■ Data to use ■
########
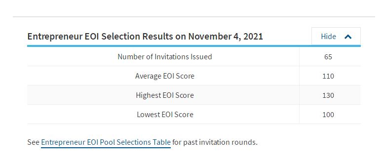 2018.06.14当地时间2021年11月4日,加拿大萨省移民局就企业家移民类别进行了最新一次筛选,也是临时政策的最后一次筛选。本次筛选人数为65人,筛选最低分为100分,比上次下降10分。
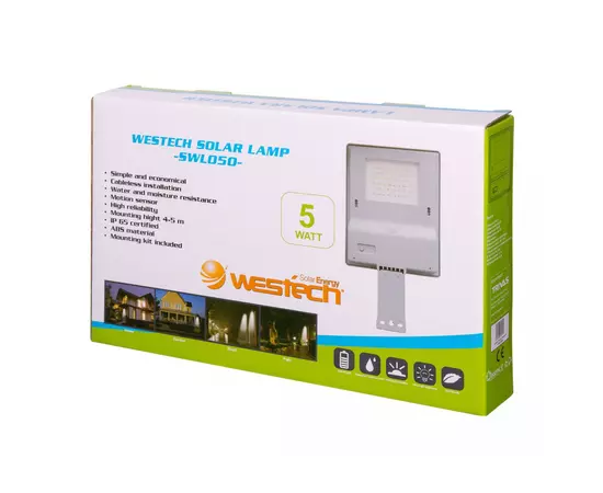 Corpul solar este prevazut cu o sursa de tip LED incorporata si are o putere de 5W, iar panoul solar are capacitatea de 6V. Amplasand lampa la exterior, in locuri insorite, panoul solar al acesteia poate lumina aproximativ 10 - 12 ore. Pozitionarea sa in locatii intunecoase poate influenta incarcarea acumulatorului si poate scurta durata de functionare a lampii pe timpul noptii.
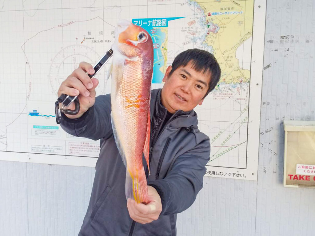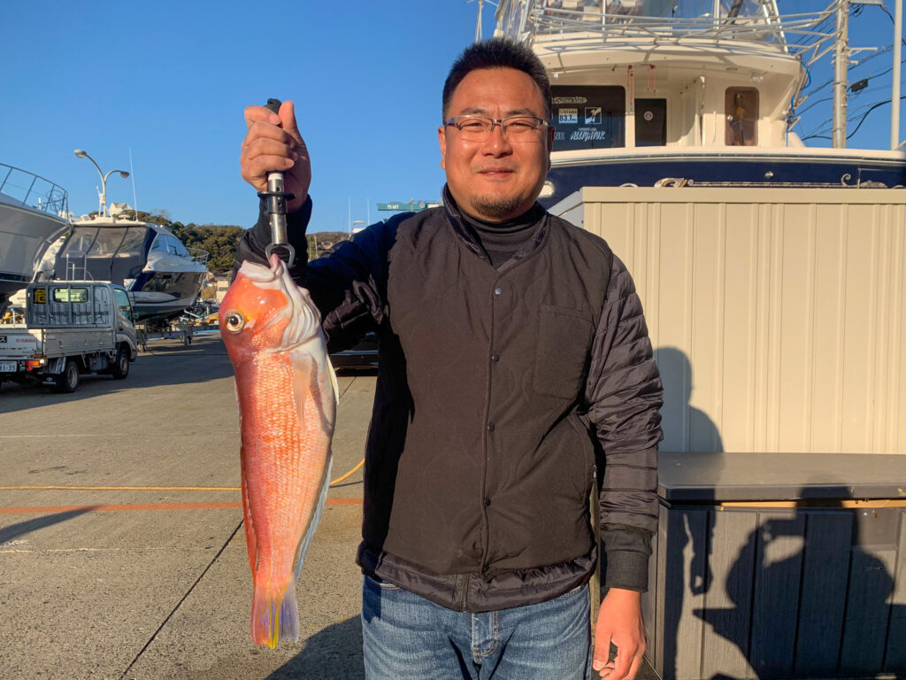 こちらは48cmの大型シロアマダイを見事キャッチ!年始早々、文句なしの素晴らしい釣果となりました◎『アマダイ釣りダービー』の「シロアマダイ BIG ONE」にもランクイン!幻の超高級魚GET、誠におめでとうございます。
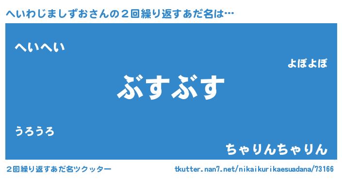 | 胡散臭い通販商品みたいなあだ名 | 『100人中100人が認めたマグネット磁石…その名も「へいわじましずお」』 |
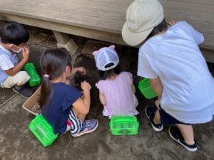 今日も朝からよく晴れました!お庭のアサガオが花を咲かせ夏の風景を彩っています。今日はそんな夏の風景を楽しみながらお庭で虫探しに夢中な子どもたちでした☆
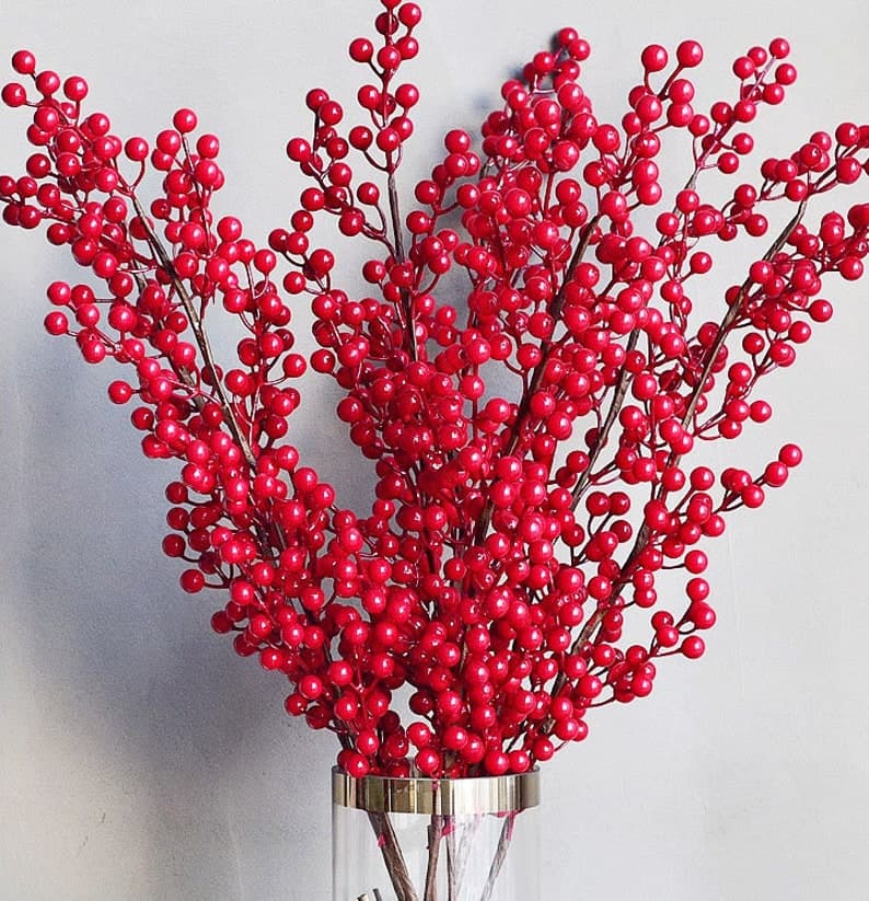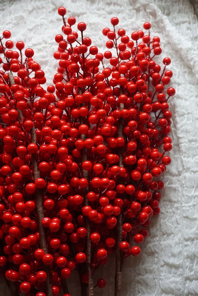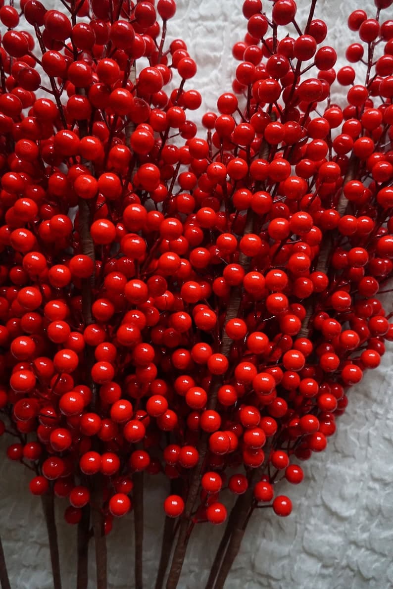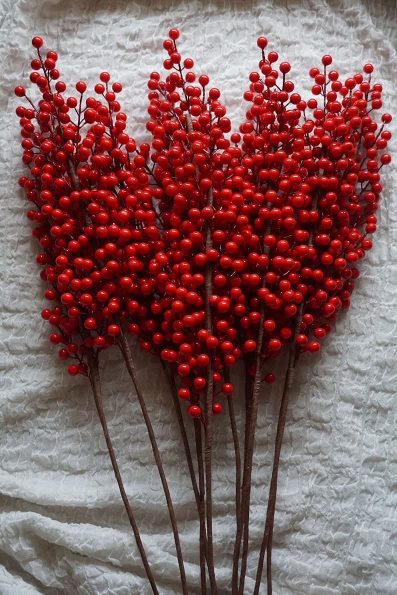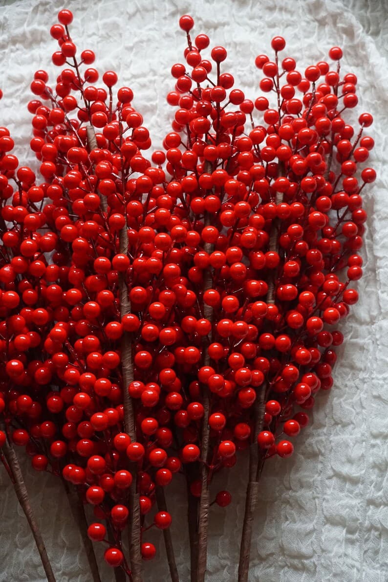 Christmas Red Berries Stalk With Twelve Branches-christmas Berries-christmas Faux Red Berries-winter Berries - Etsy Spain
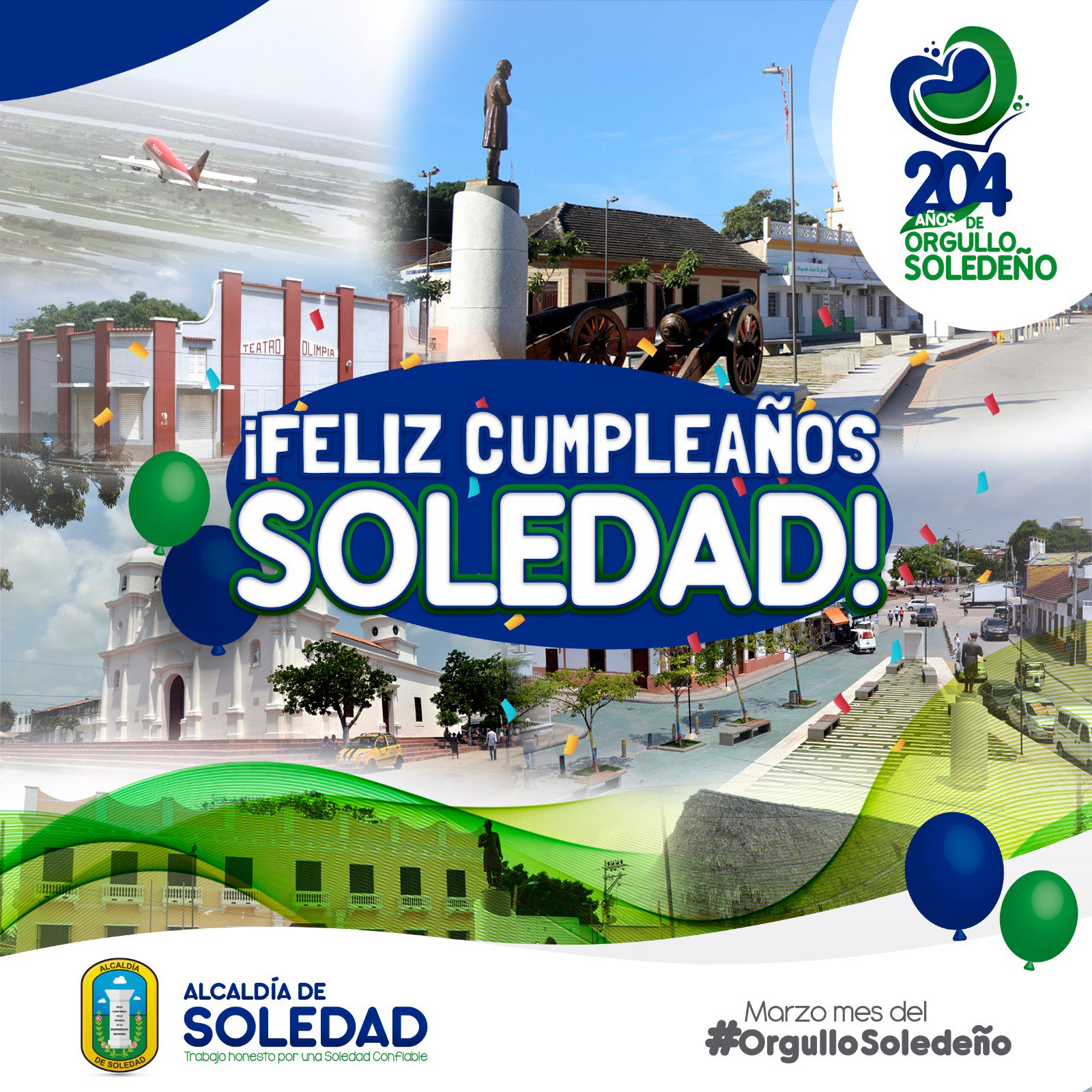 Alcaldía de Soledad on X: "¡Feliz cumpleaños Soledad! Hoy celebramos 204 años de historia. Somos tierra de tradición y cuna del folclor, somos #OrgulloSoledeño https://t.co/VvaGza0ENp" / X
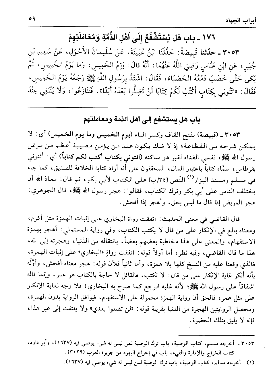 3053 - (قبيصة) بفتح القاف وكسر الباء (يوم الخميس وما يوم الخميس) أي: لا يمكن شرحه من الفظاعة؛ إذ لا شك يكون عند من يؤمن مصجة أعظم من مرض رسول الله - صلى الله عليه وسلم -، نفسي الفداء لقبر هو ساكنه (ائتوني بكتاب أكتب لكم كتابًا) أي: أئتوني بقرطاس، سمَّاه كتابًا باعتبار المال، المحققون على أنه أراد كتابة الخلافة للصديق، كما جاء في مسلم ومسند البزار النص على الكتاب لأبي بكر، ثم قال: معاذ الله أن يختلف الناس على أبي بكر وترك الكتاب، فقالوا: هجر رسول الله - صلى الله عليه وسلم -، قال الجوهري: هجر المريض إذا قال ما ليس بحق، وأهجر إذا أفحش.
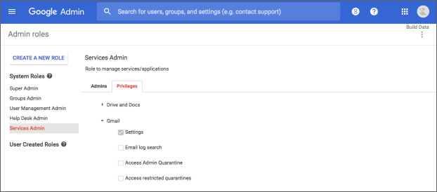 Os super administradores podem delegar estes privilégios aos usuários clicando em CRIAR UMA FUNÇÃO na seção de Funções de administrador do Console de administração e, em seguida, selecionando Administrador de Serviços> Gmail e a permissão específica do menu Privilégios.
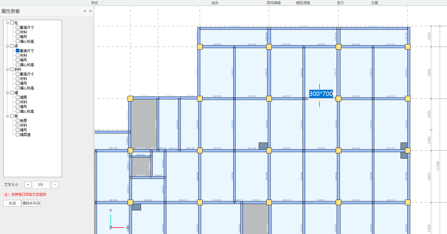 除此之外,用户还可点击【编辑】选项卡中的【构件参数】。在展开的“属性查看”栏中,勾选【梁】的【截面尺寸】,模型将显示梁的截面尺寸参数。双击尺寸参数,将启动在位编辑,编辑完成后单击空白处,截面将自动替换。
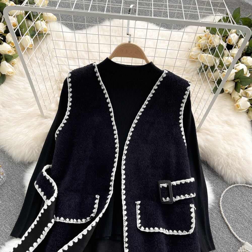 Celebrity temperament small fragrance suit simple and versatile bottoming knitted T-shirt top vest vest layered two-piece suit レッド Tシャツ lyxaj70440455255
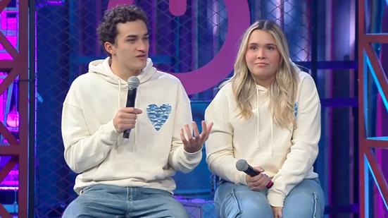 Logo após deixarem a competição, Bia e Gui foram para a clássica Cabine de Descompressão, atração comandada por Lucas Selfie e exibida com exclusividade pelo PlayPlus.
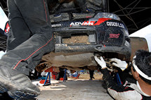 ![]() 硬い路面、路面に顔を出す石、細かいクレストとダメージは意外と大きい。アンダーガードのメンテナンス、交換は念入りに行われた。 |
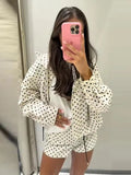 Polka Dot Print Short Coats Women's High Street Long Sleeve Jackets for Women 2025 Elegant Office Ladies Casual Outerwear
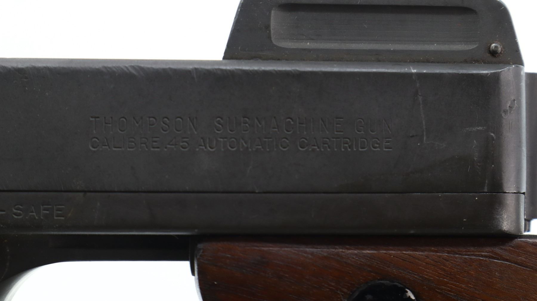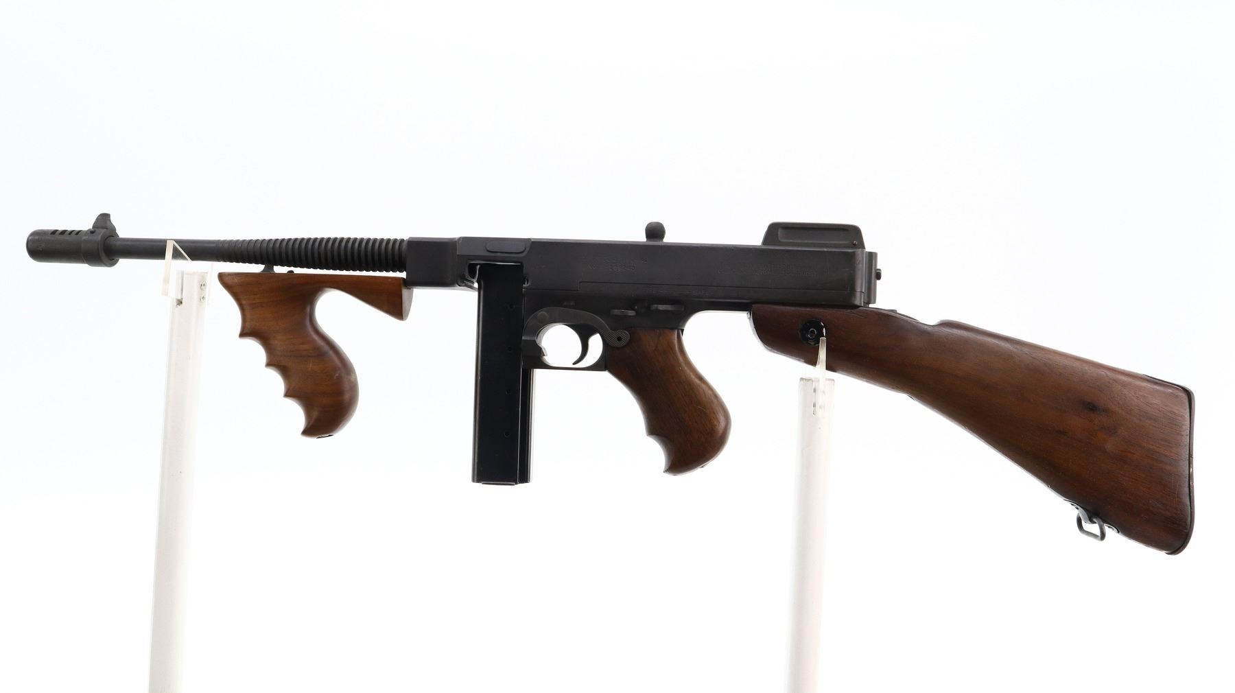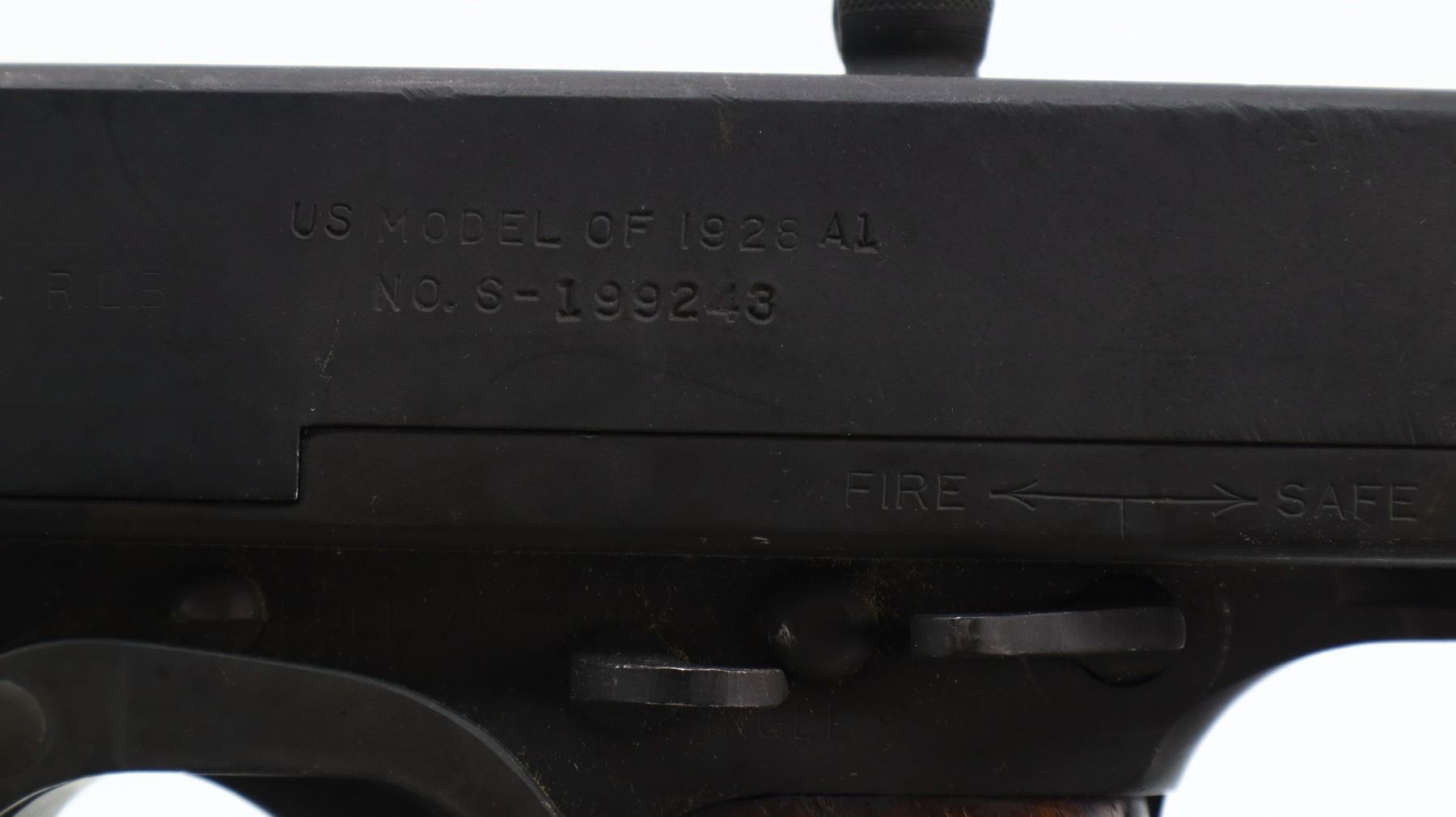 7+/10, AUTO ORDNANCE, MODEL: 1928 A1 THOMPSON, CALIBER:45 ACP, COMES WITH MAGAZINE, CLASS: CANADIAN PROHIBITED 12-3 CONVERTED AUTO, THIS ITEM MAY BE CALLED IN FOR A TECHNICAL INSPECTION WHICH WILL DELAY THE TRANSFER. IF YOU DON'T HAVE THIS CLASS OF LICENSE AND WOULD LIKE THIS ITEM DEACTIVATED, IT CAN BE DONE FOR AN ADDITIONAL $250.00 FEE. BORE IS GOOD, SLIGHT WEAR. MANUFACTURED BY SAVAGE, LOWER MISMATCHED. BLADE FRONT SIGHT, ADJUSTABLE REAR PEEP SIGHT WITH EARS, FINNED BARREL, PARKERIZED FINISH. THREE PIECE SMOOTH WOOD STOCKS, FINGER GROOVED VERTICAL GRIP FOREND, PISTOL GRIP, DETACHABLE WOOD BUTT STOCK, SMOOTH STEEL BUTT PLATE WITH TRAP, REAR SLING SWIVEL ONLY. METAL FINISH SHOWS SOME SCRATCHES, HANDLING MARKS AND WEAR. STOCKS SHOW SOME MARKS, SCRATCHES AND WEAR. , ACTION: 12-3 CONVERTED AUTO, BARREL LENGTH: 270MM, SERIAL # S199243, CONDITION: 7+/10, CLASS: CANADIAN PROHIBITED 12-3 CONVERTED AUTO
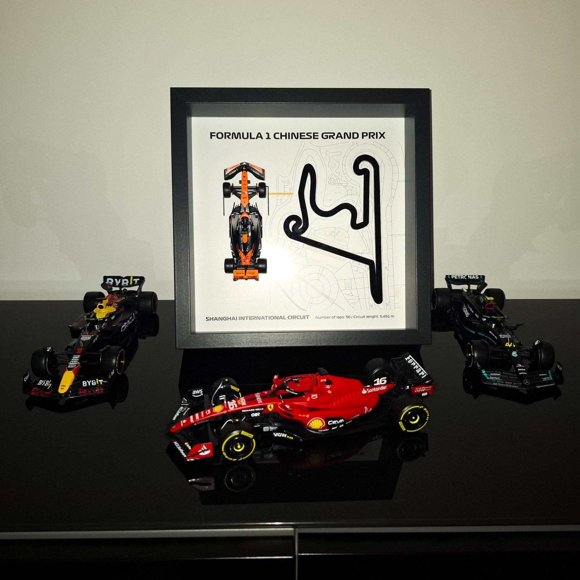 Floating above the car, the precision laser-cut plexiglass circuit adds depth and a striking 3D effect that brings the racing scene to life.
########
■ Exercise directions ■
Transcribe every line from the records above without alteration, and leave out the images.

■ Result ■
 2018.06.14当地时间2021年11月4日,加拿大萨省移民局就企业家移民类别进行了最新一次筛选,也是临时政策的最后一次筛选。本次筛选人数为65人,筛选最低分为100分,比上次下降10分。
 Corpul solar este prevazut cu o sursa de tip LED incorporata si are o putere de 5W, iar panoul solar are capacitatea de 6V. Amplasand lampa la exterior, in locuri insorite, panoul solar al acesteia poate lumina aproximativ 10 - 12 ore. Pozitionarea sa in locatii intunecoase poate influenta incarcarea acumulatorului si poate scurta durata de functionare a lampii pe timpul noptii.
 こちらは48cmの大型シロアマダイを見事キャッチ!年始早々、文句なしの素晴らしい釣果となりました◎『アマダイ釣りダービー』の「シロアマダイ BIG ONE」にもランクイン!幻の超高級魚GET、誠におめでとうございます。
 | 胡散臭い通販商品みたいなあだ名 | 『100人中100人が認めたマグネット磁石…その名も「へいわじましずお」』 |
 今日も朝からよく晴れました!お庭のアサガオが花を咲かせ夏の風景を彩っています。今日はそんな夏の風景を楽しみながらお庭で虫探しに夢中な子どもたちでした☆
 Christmas Red Berries Stalk With Twelve Branches-christmas Berries-christmas Faux Red Berries-winter Berries - Etsy Spain
 Alcaldía de Soledad on X: "¡Feliz cumpleaños Soledad! Hoy celebramos 204 años de historia. Somos tierra de tradición y cuna del folclor, somos #OrgulloSoledeño https://t.co/VvaGza0ENp" / X
 3053 - (قبيصة) بفتح القاف وكسر الباء (يوم الخميس وما يوم الخميس) أي: لا يمكن شرحه من الفظاعة؛ إذ لا شك يكون عند من يؤمن مصجة أعظم من مرض رسول الله - صلى الله عليه وسلم -، نفسي الفداء لقبر هو ساكنه (ائتوني بكتاب أكتب لكم كتابًا) أي: أئتوني بقرطاس، سمَّاه كتابًا باعتبار المال، المحققون على أنه أراد كتابة الخلافة للصديق، كما جاء في مسلم ومسند البزار النص على الكتاب لأبي بكر، ثم قال: معاذ الله أن يختلف الناس على أبي بكر وترك الكتاب، فقالوا: هجر رسول الله - صلى الله عليه وسلم -، قال الجوهري: هجر المريض إذا قال ما ليس بحق، وأهجر إذا أفحش.
 Os super administradores podem delegar estes privilégios aos usuários clicando em CRIAR UMA FUNÇÃO na seção de Funções de administrador do Console de administração e, em seguida, selecionando Administrador de Serviços> Gmail e a permissão específica do menu Privilégios.
 除此之外,用户还可点击【编辑】选项卡中的【构件参数】。在展开的“属性查看”栏中,勾选【梁】的【截面尺寸】,模型将显示梁的截面尺寸参数。双击尺寸参数,将启动在位编辑,编辑完成后单击空白处,截面将自动替换。
 Celebrity temperament small fragrance suit simple and versatile bottoming knitted T-shirt top vest vest layered two-piece suit レッド Tシャツ lyxaj70440455255
 Logo após deixarem a competição, Bia e Gui foram para a clássica Cabine de Descompressão, atração comandada por Lucas Selfie e exibida com exclusividade pelo PlayPlus.
 ![]() 硬い路面、路面に顔を出す石、細かいクレストとダメージは意外と大きい。アンダーガードのメンテナンス、交換は念入りに行われた。 |
 Polka Dot Print Short Coats Women's High Street Long Sleeve Jackets for Women 2025 Elegant Office Ladies Casual Outerwear
 7+/10, AUTO ORDNANCE, MODEL: 1928 A1 THOMPSON, CALIBER:45 ACP, COMES WITH MAGAZINE, CLASS: CANADIAN PROHIBITED 12-3 CONVERTED AUTO, THIS ITEM MAY BE CALLED IN FOR A TECHNICAL INSPECTION WHICH WILL DELAY THE TRANSFER. IF YOU DON'T HAVE THIS CLASS OF LICENSE AND WOULD LIKE THIS ITEM DEACTIVATED, IT CAN BE DONE FOR AN ADDITIONAL $250.00 FEE. BORE IS GOOD, SLIGHT WEAR. MANUFACTURED BY SAVAGE, LOWER MISMATCHED. BLADE FRONT SIGHT, ADJUSTABLE REAR PEEP SIGHT WITH EARS, FINNED BARREL, PARKERIZED FINISH. THREE PIECE SMOOTH WOOD STOCKS, FINGER GROOVED VERTICAL GRIP FOREND, PISTOL GRIP, DETACHABLE WOOD BUTT STOCK, SMOOTH STEEL BUTT PLATE WITH TRAP, REAR SLING SWIVEL ONLY. METAL FINISH SHOWS SOME SCRATCHES, HANDLING MARKS AND WEAR. STOCKS SHOW SOME MARKS, SCRATCHES AND WEAR. , ACTION: 12-3 CONVERTED AUTO, BARREL LENGTH: 270MM, SERIAL # S199243, CONDITION: 7+/10, CLASS: CANADIAN PROHIBITED 12-3 CONVERTED AUTO
 Floating above the car, the precision laser-cut plexiglass circuit adds depth and a striking 3D effect that brings the racing scene to life.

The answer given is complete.